Its dubious but not enough by itself. I myself have had many inside jokes with friends before but nonetheless, if something unsettles you, time to do a little phone snooping. 

By unsettle I mean slight suspicion.

If you're like hearing a man's voice on the phone and shes saying its a female or something like that then its time to get full steam ahead on the digging.


----------



## dogman (Jul 24, 2012)

t10eml said:


> I recall while I was sitting with my wife once and she got a text message from a "female" friend (according to the contact name) that said:
> 
> "All of a sudden want to meet up. Want to open you up wide!"
> 
> To which she laughed and replied to this "female" friend, "What are you talking about?"


Truthfully, I don't believe it's a female and I think it's a sexting situation that is ready to escalate to a meeting. I think it came through at an inopportune time with you there and she played dumb.
Often a cheater will store the name of the other person as a female friend. 

You need to fill in more detail for the people on this forum to help you navigate this situation.
Are ther other signs that make you wonder? 
Do you and your wife have a healthy sex life?
Is she out without you much?
Does she have time that's unaccounted for?
Has she started acting strange in the recent past?


----------



## hotsthrnmess (Dec 5, 2012)

t10eml said:


> I recall while I was sitting with my STBXW once and she got a text message from a "female" friend (according to the contact name) that said:
> 
> "All of a sudden want to meet up. Want to open you up wide!"
> 
> To which she laughed and replied to this "female" friend, "What are you talking about?"


I think it's a little weird to say something like that to a female friend, to be honest. Maybe my mind is in the gutter, but the last sentence has a sexual tone to it. 

I'd be a bit suspicious.


----------



## Will_Kane (Feb 26, 2012)

t10eml said:


> I recall while I was sitting with my STBXW once and she got a text message from a "female" friend (according to the contact name) that said:
> 
> "All of a sudden want to meet up. Want to open you up wide!"
> 
> To which she laughed and replied to this "female" friend, "What are you talking about?"

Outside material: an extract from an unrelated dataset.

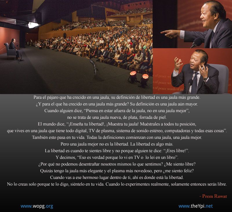 Para el pájaro que ha crecido en una jaula, su definición de libertad es una jaula más grande. ¿Y para el que ha crecido en una jaula más grande? Su definición es una jaula aún mayor. Cuando alguien dice, “Piensa en estar afuera de la jaula, no en una jaula mejor”, No se trata de una jaula nueva, de plata, forrada de piel. El mundo dice, “¡Enseña tu libertad!, ¡Muestra tu jaula! Muéstrales a todos tu posición, que vives en una jaula que tiene todo digital, TV de plasma, sistema de sonido estéreo, computadoras y todas esas cosas.” También esto pasa en tu vida. Todas la definiciones comienzan con una jaula, una jaula mejor. Pero una jaula mejor no es la libertad. La libertad es algo más. La libertad es cuando te sientes libre y no porque alguien te dice: “¡Eres libre!”. Y decimos, “Eso es verdad porque lo vi en TV, o lo leí en un libro.” ¿Por qué no podemos desentrañar nosotros mismos lo que sentimos? ¿Me siento libre? Quizás tengo la jaula más elegante y el plasma más novedoso, pero ¿me siento feliz? Cuando vas a ese hermoso lugar dentro de ti, ahí es donde está la libertad. No lo creas solo porque te lo digo, siéntelo en tu vida. Cuando lo experimentes realmente, solamente entonces serás libre.

Could be an inside joke? Or a guy?

How long ago do you recall this happened?


----------



## Shamwow (Aug 15, 2011)

Hmm...I'd call the number from a pay phone (if you can still find one), or at least a number in no way tied to you. You'll probably get voicemail, should tell you all you need to know. If they answer, you'll have your answer, and just say wrong number and hang up.

Or you can pay 5-10 bucks on a reverse phone lookup and there's a 50/50 chance you'll get info in who it's registered to.
_Posted via Mobile Device_


----------



## Shamwow (Aug 15, 2011)

If that contact is deleted from her contacts or if the phone is now locked, time to be more suspicious. But don't confront until you at least know if she was lying about who the contact was.
_Posted via Mobile Device_


----------



## arbitrator (Feb 13, 2012)

Sorry! But is just screams as being from a man rather than a woman, strictly for its sexual connotation. Can't really see a woman sending a message such as that! 

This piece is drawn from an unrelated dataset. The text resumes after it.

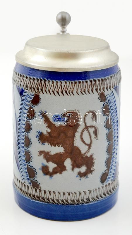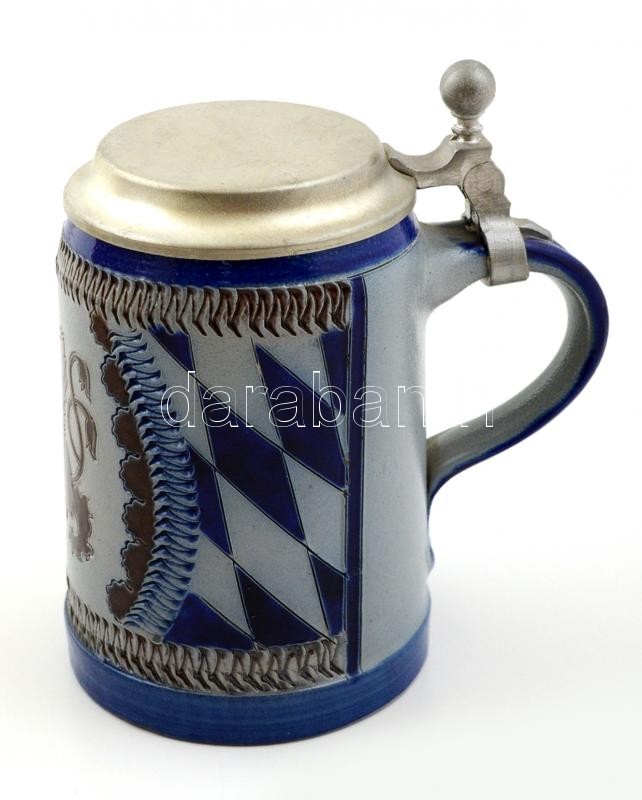 Leírás: Alumínium fedeles sörös korsó, festett kerámia, jelzett, hibátlan, m:15 cm

At best, it more than sounds suspicious! Fastly time to play Sherlock Holmes!


----------



## Tony55 (Jun 8, 2012)

If she was my soon to be ex wife, I wouldn't care.

T


----------



## t10eml (Nov 30, 2012)

Tony55 said:


> If she was my soon to be ex wife, I wouldn't care.
> 
> T


I agree. But we aren't getting a divorce because of an affair, it's for other reasons. Since we've now firmly decided on a divorce, she's been acting completely evasive about what she plans to do after a separation which has aroused my suspicion and has my mind racing back to events such as this.


----------



## I'mInLoveWithMyHubby (Nov 7, 2011)

Weird text. I have to say that my friends would not text me anything like that. Or question a meet up even if its been years since we've seen each other. Sounds like a male text.


----------



## keko (Mar 21, 2012)

Yea the open you up wide part seems quite obvious.



Shamwow said:


> Hmm...I'd call the number from a pay phone (if you can still find one), or at least a number in no way tied to you. You'll probably get voicemail, should tell you all you need to know. If they answer, you'll have your answer, and just say wrong number and hang up.
> 
> Or you can pay 5-10 bucks on a reverse phone lookup and there's a 50/50 chance you'll get info in who it's registered to.
> _Posted via Mobile Device_


Do as Shamwow suggested and that'll be one less "what if" to worry about in the future.


----------



## ladybird (Jun 16, 2010)

That text is defiantly from a man!


----------



## dunocarmet (Dec 6, 2012)

you'll have your answer, and just say wrong number and hang up.


----------



## walkonmars (Aug 21, 2012)

Her answer to the text was code for "not now, he's watching". They're a sneaky bunch. Good ridance.


----------



## zookeeper (Oct 2, 2012)

t10eml said:


> I agree. But we aren't getting a divorce because of an affair, it's for other reasons. Since we've now firmly decided on a divorce, she's been acting completely evasive about what she plans to do after a separation which has aroused my suspicion and has my mind racing back to events such as this.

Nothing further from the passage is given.